[Excerpts from a dataset]
# # #
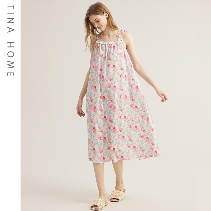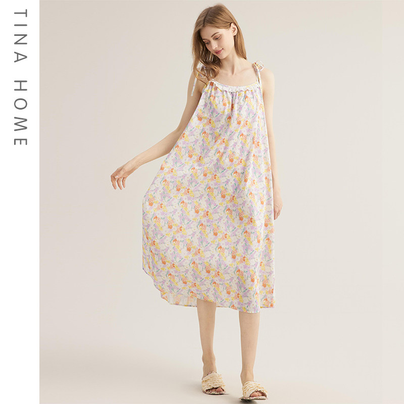 法式浪漫田园风碎花夏季长款系带睡裙吊带裙可外穿裙子
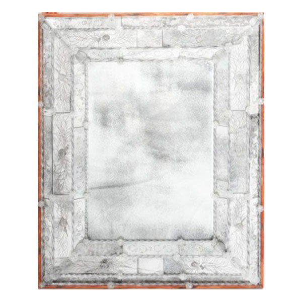 Espejo veneciano en cristal de Murano grabado y tallado representando flores y hojas. Estilo Luis XVI.
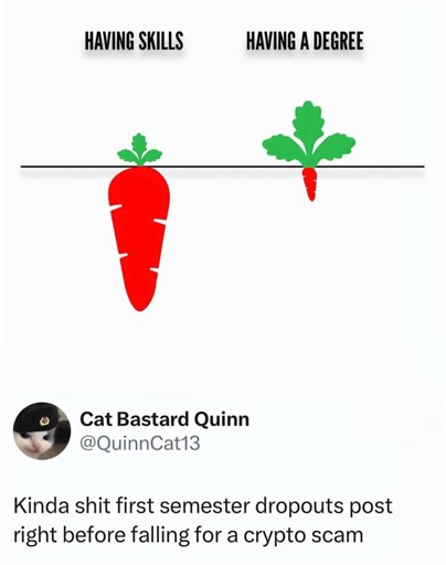 Can someone without a degree have those skills? Totally. Does someone with a degree have all those skills? Not specifically, but they’ve likely been through the ringer for ~4 years and seen a lot of shit they had to face on their own and be accountable for it.
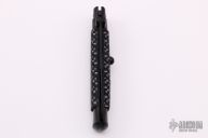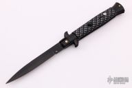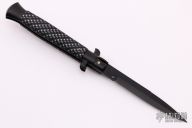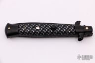 This Swivel Bolster Auto has a black stainless steel spear point blade. The handle is composed of a black steel front and rear bolsters, frame and liners all complemented by carbon fiber pattern non-skid rubber scales. Excellent Condition.
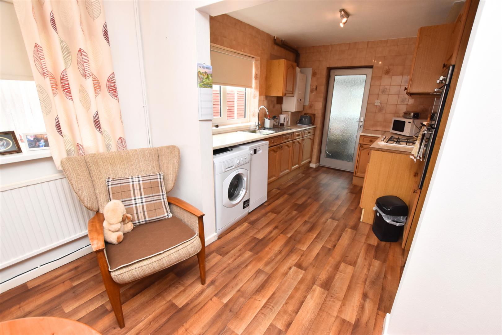 The open plan kitchen diner benefits from wood front wall and base units with contrasting work surfaces and tiled splashback incorporating a stainless steel sink and drainer, gas hob, one an a half electric fan assisted ovens, washing machine and dishwasher. Wall mounted boiler. Finished with wood effect vinyl flooring, two uPVC double glazed windows to the side aspect and a radiator. Ample room for a dining table. Door leading to the sunroom.
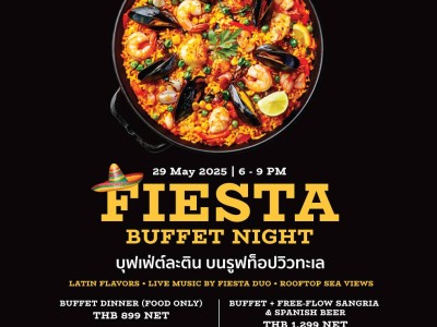 One Night Only! Fiesta Buffet Night at Elementi Rooftop Restaurant & Bar Get ready for an unforgettable rooftop dining experience at Holiday Inn & Suites Rayong on Thursday, May 29th, 2025. Celebrate the evening with your loved ones while enjoying breathtaking sunset views over the ocean and indulging in a premium selection of authentic cuisine crafted exclusively for this special night. Book Now
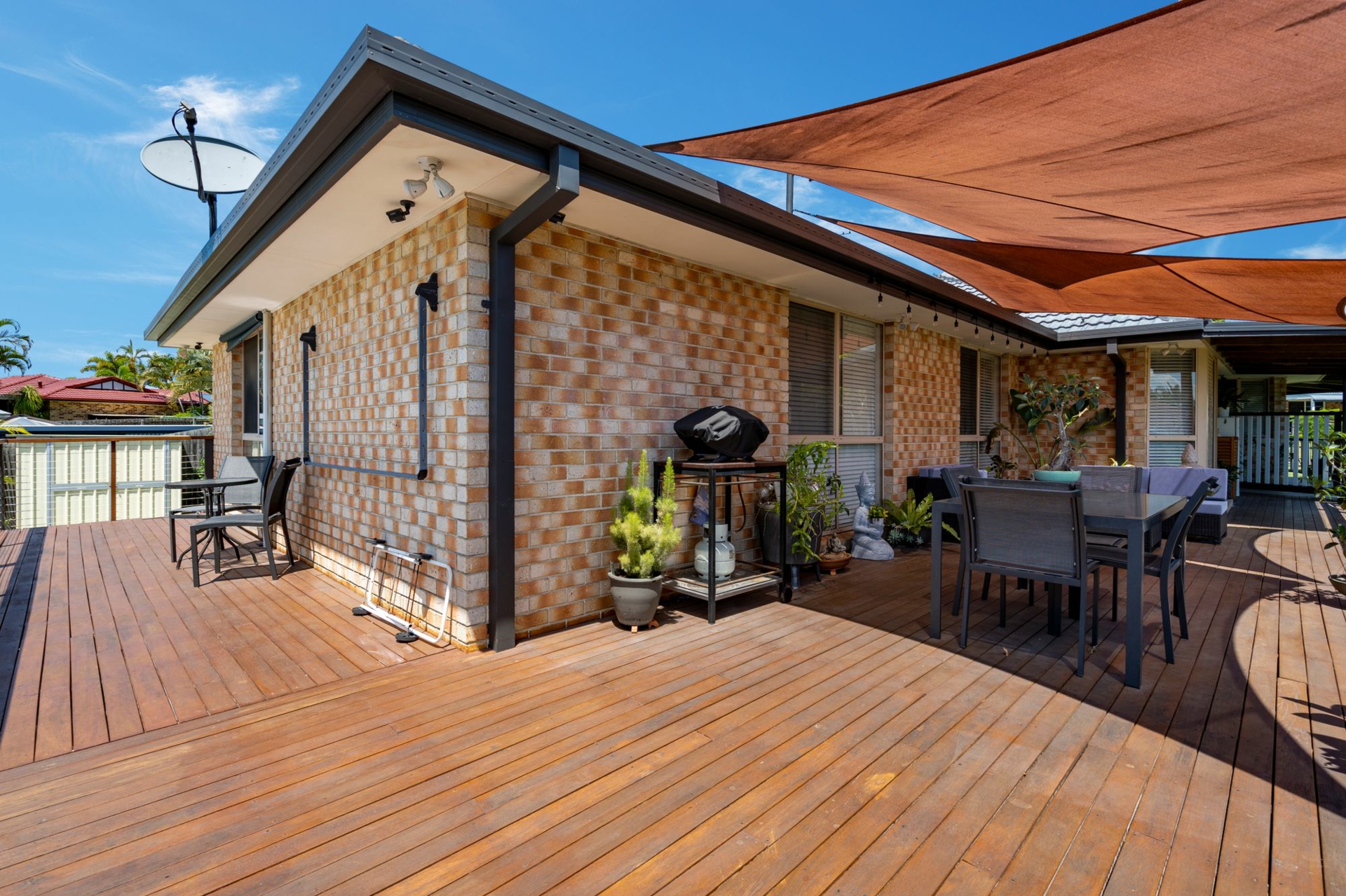 -Rear entertainer's deck with open-air and shade sail zones
# # #
Retype all of the data above word for word, excluding the pictures.

*Response to this task*:
 法式浪漫田园风碎花夏季长款系带睡裙吊带裙可外穿裙子
 Espejo veneciano en cristal de Murano grabado y tallado representando flores y hojas. Estilo Luis XVI.
 Can someone without a degree have those skills? Totally. Does someone with a degree have all those skills? Not specifically, but they’ve likely been through the ringer for ~4 years and seen a lot of shit they had to face on their own and be accountable for it.
 This Swivel Bolster Auto has a black stainless steel spear point blade. The handle is composed of a black steel front and rear bolsters, frame and liners all complemented by carbon fiber pattern non-skid rubber scales. Excellent Condition.
 The open plan kitchen diner benefits from wood front wall and base units with contrasting work surfaces and tiled splashback incorporating a stainless steel sink and drainer, gas hob, one an a half electric fan assisted ovens, washing machine and dishwasher. Wall mounted boiler. Finished with wood effect vinyl flooring, two uPVC double glazed windows to the side aspect and a radiator. Ample room for a dining table. Door leading to the sunroom.
 One Night Only! Fiesta Buffet Night at Elementi Rooftop Restaurant & Bar Get ready for an unforgettable rooftop dining experience at Holiday Inn & Suites Rayong on Thursday, May 29th, 2025. Celebrate the evening with your loved ones while enjoying breathtaking sunset views over the ocean and indulging in a premium selection of authentic cuisine crafted exclusively for this special night. Book Now
 -Rear entertainer's deck with open-air and shade sail zones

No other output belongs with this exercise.